* Work instructions *
Across the whole listing, return each line exactly, with no images included.

Dataset excerpt: Begin

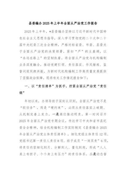 / 【七哥公文】2025年:县委编办2025年上半年全面从严治党工作报告+更多免费公文+VX:QiGeGongWen2024
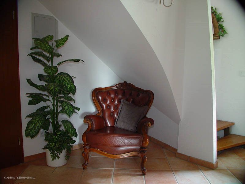 楼梯下空间虽然不大,但摆张椅子,正好在入户处,可以用作换鞋区,而且还能作为自己的休闲角落,不浪费一点儿空间!
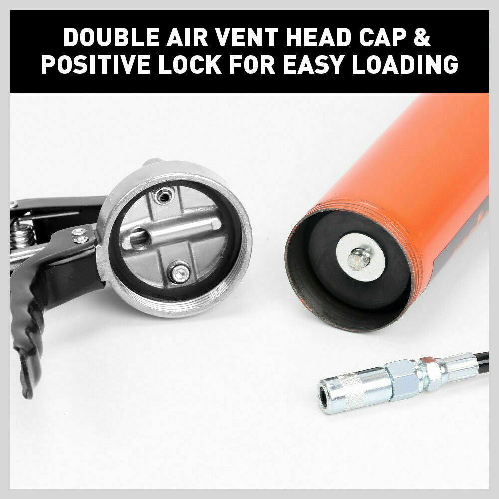 18'' Manual Pistol Grip Grease Gun Flow Pressure 4500PSI Flexi Hose & Coupler

Dataset excerpt: End

* Answer box *
 / 【七哥公文】2025年:县委编办2025年上半年全面从严治党工作报告+更多免费公文+VX:QiGeGongWen2024
 楼梯下空间虽然不大,但摆张椅子,正好在入户处,可以用作换鞋区,而且还能作为自己的休闲角落,不浪费一点儿空间!
 18'' Manual Pistol Grip Grease Gun Flow Pressure 4500PSI Flexi Hose & Coupler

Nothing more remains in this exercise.